Jan. 20 (UPI) -- Rates of methamphetamine overdose deaths in the United States increased five-fold from 2011 to 2018, according to an analysis published Wednesday by JAMA Psychiatry.
Methamphetamine-involved deaths rose, on average, by nearly 30% per year in the general population across the country between 2011 and 2018, the data showed.
The highest number of overdose deaths among racial or ethnic groups was seen among American Indian and Alaska Native communities, which increased by almost 25% over the same period, the researchers said.
"This study illuminates very concerning trends," co-author Dr. Nora D. Volkow told UPI.
"Methamphetamine-involved overdose deaths are increasing, even as deaths involving substances such as prescription opioids and heroin are steady or declining," said Volkow, director of the National Institute on Drug Abuse.
"Much attention is rightly focused on the opioid crisis in this country, but it is absolutely critical that we do not neglect the danger posed by stimulant drugs such as methamphetamine," she said.
Methamphetamine is a strong, highly addictive stimulant that acts directly on the brain and central nervous system that can be snorted, smoked, injected or swallowed, according to the National Institute on Drug Abuse.
For this study, Volkow and her colleagues analyzed data on overdose-related deaths from the National Vital Statistics System, focusing on gender, race and ethnicity trends.
Operated by the U.S. Centers for Disease Control and Prevention, the National Vital Statistics System tracks all births and deaths nationally.
Between 2011 and 2018, rates of methamphetamine-involved deaths nationally increased from 1.8 to 10.1 per 100,000 men and from 0.8 to 4.5 per 100,000 women, the data showed.
Over the eight-year period studied, overdose deaths increased by an average of 29% per year for men and 28% per year for women, according to the researchers.
Non-Hispanic American Indians or Alaska Natives had the highest number of overdose deaths, as they increased from 5.6 to 26.4 per 100,000 men and from 3.6 to 15.6 per 100,000 women, or about a 25%-per-year rise, the researchers said.
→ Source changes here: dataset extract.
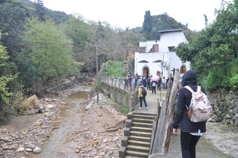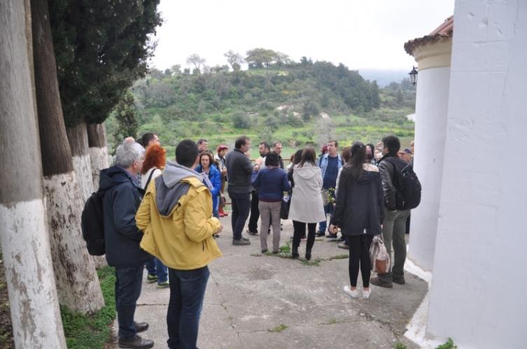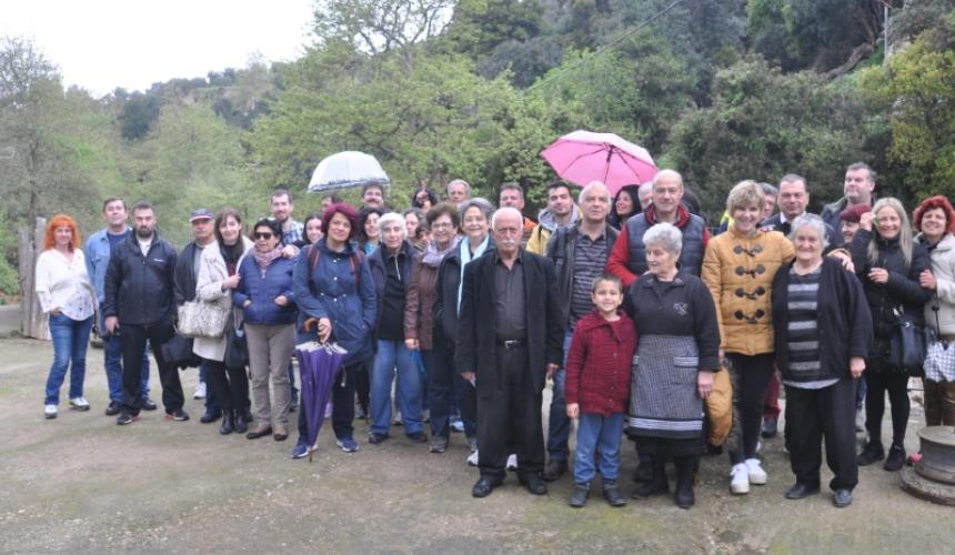 Εν τω μεταξύ ο καιρός βάρυνε και στα υψώματα εμφανίστηκε ομίχλη, ενώ άρχισαν να πέφτουν και οι πρώτες ψιχάλες, οπότε αποφασίστηκε να πραγματοποιηθεί με αυτοκίνητα η μετακίνηση προς τα δύο επόμενα χωριά. Οι στάσεις περιήγησης, κατά μήκος του όμορφου φαραγγιού των Καψαλιανών, έγιναν στον παλιότερα σπηλαιώδη ναό του Αγίου Αντωνίου και στην Παναγία την Γαλατού, με το έθιμο του τριψίματος του στήθους με «σπηλαιόγαλα» από τις λεχώνες που δεν κατέβαζαν γάλα. Οι γυναίκες αυτές φρόντιζαν επίσης να κρεμούν κλωστίτσες από τις φασκιές των νεογέννητων παιδιών τους στη διπλανή δάφνη και στη βραχοσκεπή, που σήμερα βρίσκεται εγκιβωτισμένη στο ιερό της ομώνυμης εκκλησίας. Ακολούθησε στάση στον ναό του Μιχαήλ Αρχαγγέλου των Καψαλιανών, όπου τους εκδρομείς φιλοδώρησε με παραδοσιακό κέρασμα η Κούλα Μαράκη.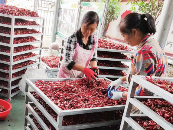 辣椒加工廠帶動周邊村民種植辣椒800余畝,與村民簽訂收購合同,以每斤不低于2.3元的價格進行保底收購,村民每畝收入近6000元。

Non-Hispanic Whites had the second highest number, as they rose from 2.2 to 12.6 per 100,000 men and from 1.1 to 6.2 per 100,000 women, a nearly 30%-per-year increase, according to the researchers.
"These findings are another indication that the overdose crisis in this country continues to evolve, and our public health response must adjust to meet this challenge," Volkow said.
"The racial disparities of these findings highlight the critical need for community-specific approaches to addiction prevention and treatment in order to advance the goal of health equity," she said.